__Material provided__.
----

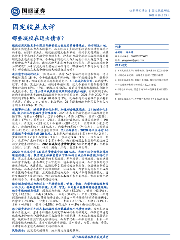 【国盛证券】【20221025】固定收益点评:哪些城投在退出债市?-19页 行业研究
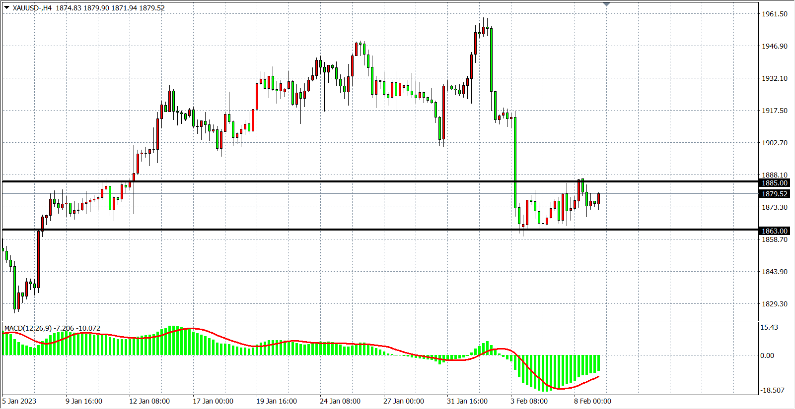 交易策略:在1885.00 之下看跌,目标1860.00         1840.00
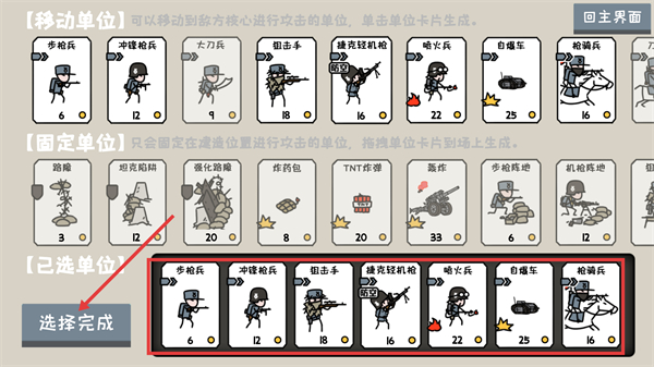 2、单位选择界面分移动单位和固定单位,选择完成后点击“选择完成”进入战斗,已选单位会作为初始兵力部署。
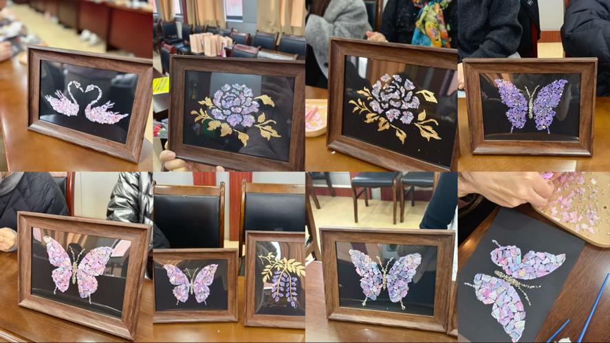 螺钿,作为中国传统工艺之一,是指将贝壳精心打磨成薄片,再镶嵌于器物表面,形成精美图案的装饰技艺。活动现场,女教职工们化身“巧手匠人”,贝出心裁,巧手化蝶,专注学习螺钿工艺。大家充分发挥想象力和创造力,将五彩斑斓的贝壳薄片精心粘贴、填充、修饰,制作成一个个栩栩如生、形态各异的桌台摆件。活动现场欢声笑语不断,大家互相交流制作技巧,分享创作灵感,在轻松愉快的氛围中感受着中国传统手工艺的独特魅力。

----

__Assigned task__. When you restate the listing, keep every word as it is and drop the pictures.

__Task response__.
 【国盛证券】【20221025】固定收益点评:哪些城投在退出债市?-19页 行业研究
 交易策略:在1885.00 之下看跌,目标1860.00         1840.00
 2、单位选择界面分移动单位和固定单位,选择完成后点击“选择完成”进入战斗,已选单位会作为初始兵力部署。
 螺钿,作为中国传统工艺之一,是指将贝壳精心打磨成薄片,再镶嵌于器物表面,形成精美图案的装饰技艺。活动现场,女教职工们化身“巧手匠人”,贝出心裁,巧手化蝶,专注学习螺钿工艺。大家充分发挥想象力和创造力,将五彩斑斓的贝壳薄片精心粘贴、填充、修饰,制作成一个个栩栩如生、形态各异的桌台摆件。活动现场欢声笑语不断,大家互相交流制作技巧,分享创作灵感,在轻松愉快的氛围中感受着中国传统手工艺的独特魅力。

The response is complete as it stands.